Historically, equities have offered superior long-term returns over assets such as bonds and cash—the well-known equity risk premium. The problem for many investors is that equity returns have become exceedingly volatile.
The goal is to capture that equity risk premium with less volatility, said Andrew Mitchell, vice-president and portfolio manager with Phillips, Hager & North (PH&N), speaking last week at PH&N’s pension trustee education seminar in Toronto.
So how do investors reduce volatility in an equity portfolio? Mitchell offered five strategies, along with the challenges presented by each.
Asset allocation-based approaches
The conventional approach, tactical asset allocation, seeks to reduce total portfolio volatility by shifting the equity allocation at the right time, based on relative risk/reward expectations for various asset classes, said Mitchell. The main challenge with this approach is that timing markets is difficult, and being out of the market at the wrong time can be very costly.
More recently, a variety of new asset allocation approaches have been developed to alter the total asset mix to better compensate for the volatility of equities (e.g., risk parity). The drawback to this strategy is that it requires investors to sacrifice exposure to the equity risk premium or leverage the other asset class exposures to achieve target returns, he explained.
Derivatives can be used to help mitigate volatility by purchasing portfolio insurance to hedge against losses. These strategies look to reduce volatility by holding another asset that tends to increase in value when equities are falling (e.g., put options or VIX futures).
These strategies have some merit; however, there is an ongoing cost to portfolio insurance that eats into long-term returns. Other pertinent challenges for include:
- complexity, both structurally and legally;
- operational and leverage risks;
- illiquid Canadian equity derivatives markets; and
- limited investor experience and/or comfort with executing these strategies.

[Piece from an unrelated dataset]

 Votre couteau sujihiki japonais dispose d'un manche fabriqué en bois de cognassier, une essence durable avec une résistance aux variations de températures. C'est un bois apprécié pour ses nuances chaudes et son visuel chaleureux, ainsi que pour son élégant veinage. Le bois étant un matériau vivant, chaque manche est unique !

By diversifying across various developed and emerging equity markets, said Mitchell, overall portfolio efficiency improves as risk is reduced while still attaining exposure to the equity risk premium. The basic premise, which has held in practice, is that global equity markets are not perfectly correlated.
However, recent experience has indicated some drawbacks. For one, the rise in equity market correlations with globalization has gradually diminished diversification benefits. Secondly, global diversification offers little protection from market crashes as correlations go to 1 during times of financial stress, he noted.

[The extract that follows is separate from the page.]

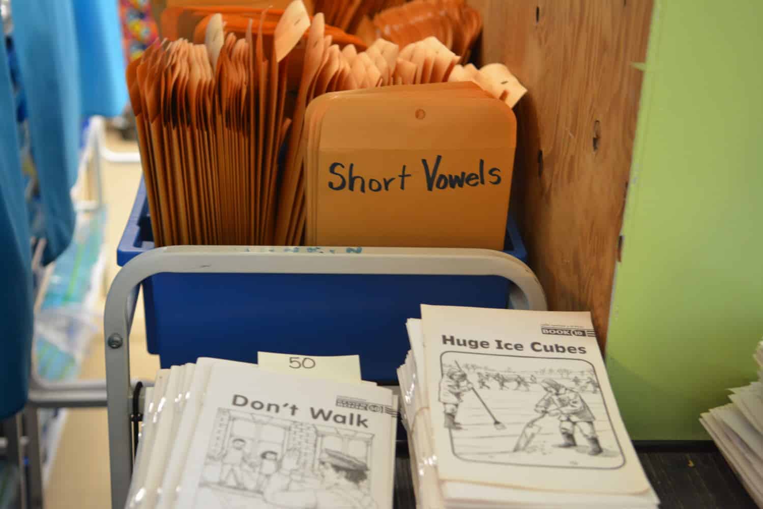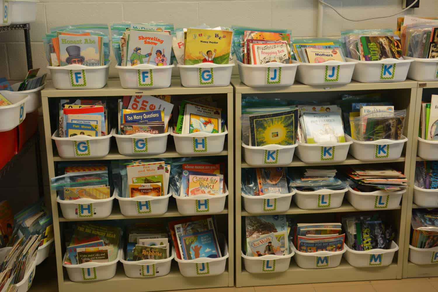 Ramona McFadyen is a literacy coach, and she worked with Tolbert during their summer vacation to “dig up” 4,000 books that over the years had ended up dispersed all across the school. They organized the books, looked up the reading level of each one, and then packaged them accordingly.

Nonetheless, geographic diversification still protects portfolios against sustained underperformance in a single geographic equity market.
Value or income strategies
Certain investment styles and strategies can produce a less volatile outcome as a by-product. Value or income strategies, for example, have delivered a material reduction in volatility in the past decade, said Mitchell. Some characteristics of these strategies suggest this could persist since, for example, value managers seek stocks where “the bad news is already being priced in.”
However, the challenge for investors is to recognize that volatility reduction is a by-product of most of these strategies as opposed to the primary mission. Consequently, investors need to assure themselves that they have adequately evaluated the investment process and the managers’ skill being considered to ensure that a less volatile portfolio is a sustainable expectation—and not just a coincidence.
Low-volatility equity strategies
While income and value strategies may (or may not) result in reduced volatility as a by-product of their investment process, minimizing volatility is the primary objective of low-volatility strategies. And, Mitchell added, these strategies mitigate volatility without any of the complexities of the above strategies.
According to modern portfolio theory, riskier assets should offer higher returns, and riskier individual securities should also offer higher returns within their overall asset class. But the latter part of that theory has been turned on its head, said Mitchell.
Research from PH&N and others has demonstrated that “risky stocks don’t deliver superior returns; they actually tend to deliver inferior returns.” Simply put, research suggests that no risk premium exists within equities as an asset class.
So, low-volatility equity strategies look to take advantage of this anomaly by turning the traditional investment objective on its head. Rather than maximizing returns relative to an equity index benchmark as the primary goal, these are long-only portfolios designed to build a diversified portfolio that will minimize volatility at any moment in time, said Mitchell, with the objective of generating superior risk-adjusted returns over a full market cycle.
These strategies also offer a number of positives for investors. The portfolios tend to emphasize stable stocks and businesses and a smaller weighting in more volatile/cyclical businesses such as resources. The focus on minimizing volatility tends to result in a more diversified portfolio (since these portfolios are not constructed with reference to a specific index). Finally, the resulting portfolio typically delivers a higher yield than the S&P/TSX.
“If we can achieve excess return in the least risky stocks,” Mitchell explained, “it results in a much more efficient portfolio.”
But while these strategies are generally easy to implement, they are not without their own challenges. The returns for these strategies tend to sharply outperform in falling markets, but lag in sharply rising markets, so investors need to prepare themselves for a different path of returns than a traditional index. Mitchell also indicated that traditional return-focused benchmarking is not enough with these strategies.
Since the main objective is to reduce equity volatility and deliver a more efficient portfolio, measures of reward to risk are more appropriate, he said.